The basement of the Hangay Mountains consists of Archean to Early Proterozoic metamorphic rocks unconformably overlain by Cambrian to Devonian strata. Both the crystalline and sedimentary rocks were intruded by Permian and Jurassic granitoids and deformed during a major Late Paleozoic compressional event. Oligocene to recent clastic rocks that include paleosol sequences are commonly intercalated with volcanic flows in small basin depocenters in the center of the dome and along its flanks.

Mafic Volcanic Rocks




Within the Hangay Dome there are over 200 distinct Oligocene to Holocene volcanic centers and associated alkalic-basalt flows. Ages range from 33 Ma to 5 Ka, and occur over a vertical range of nearly 2 km. The flows show increasing amounts of tilt on the flanks of the Hangay dome, due to uplift post emplacement. The origin of the volcanic rocks has been attributed to magmatism associated with a deep mantle plume or melting of metasomatized lithosphere. Many of the volcanic centers contain abundant mantle and crustal xenoliths.

Structure and Tectonics

Some of the world’s largest recorded intracontinental earthquakes have occurred in this portion of Mongolia, including four with magnitudes >8 during the 20th century. These large events occurred on major strike-slip and thrust faults exposed north, west, and south of the Hangay dome. Faulting in the Hangay dome itself is marked by modest predominantly normal-style displacements.

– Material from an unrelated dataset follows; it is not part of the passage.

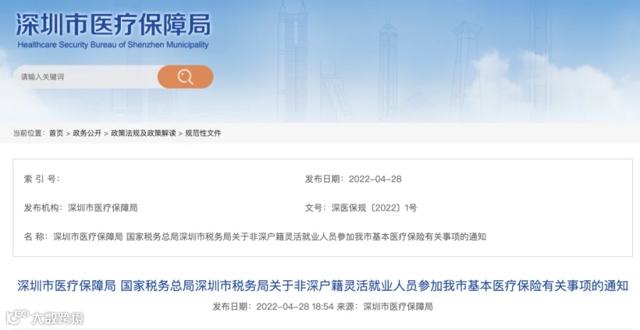 深圳市医疗保障局联合国家税务总局深圳市税务局印发《关于非深户籍灵活就业人员参加全市基本医疗保险有关事项的通知》,于2022年5月10日起正式实施,非深户籍灵活就业人员可按规定申请参加全市基本医疗保险。
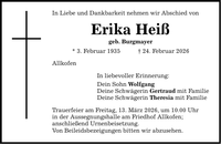 In Liebe und Dankbarkeit nehmen wir Abschied von Erika Heiß geb. Burgmayer * 3. Februar 1935 _ 24. Februar 2026 Allkofen In liebevoller Erinnerung: Dein Sohn Wolfgang Deine Schwägerin Gertraud mit Familie Deine Schwägerin Theresia mit Familie Trauerfeier am Freitag, 13. März 2026, um 10.00 Uhr in der Aussegnungshalle am Friedhof Allkofen; anschließend Urnenbeisetzung. Von Beileidsbezeigungen bitten wir abzusehen.

The Hangay Dome is capped by a regionally extensive, paleo-erosional surface of inferred Late Cretaceous age. Surface correlation with counterparts in the basins south and west of the Hangay suggests that it has been uplifted ~2000 m and the surface morphology of the range suggests that the doming and uplift is relatively recent. The continental drainage divide separating waters flowing into Lake Baikal and the Arctic Ocean from waters flowing into the closed Mongolia Depression of Lakes and the Gobi Desert is a northwest-trending belt of flat- topped peaks running across the axis of the Hangay Dome.


A morphologically distinct species of grayling (Thymallus brevirostris) exists in the Mongolian Depression of Lakes, suggesting that this freshwater genus, common to circum-Arctic Ocean rivers split into geographically isolated populations when outflow from the Mongolia Depression of Lakes ceased. Epeirogenic uplift of the Hovsgol and Hangay regions is most likely to have caused the blockage of northeastward flowing waters out of the Mongolia Depression of Lakes, ultimately leading to the isolation and speciation of T. brevirostris from an ancestral Thymallus lineage.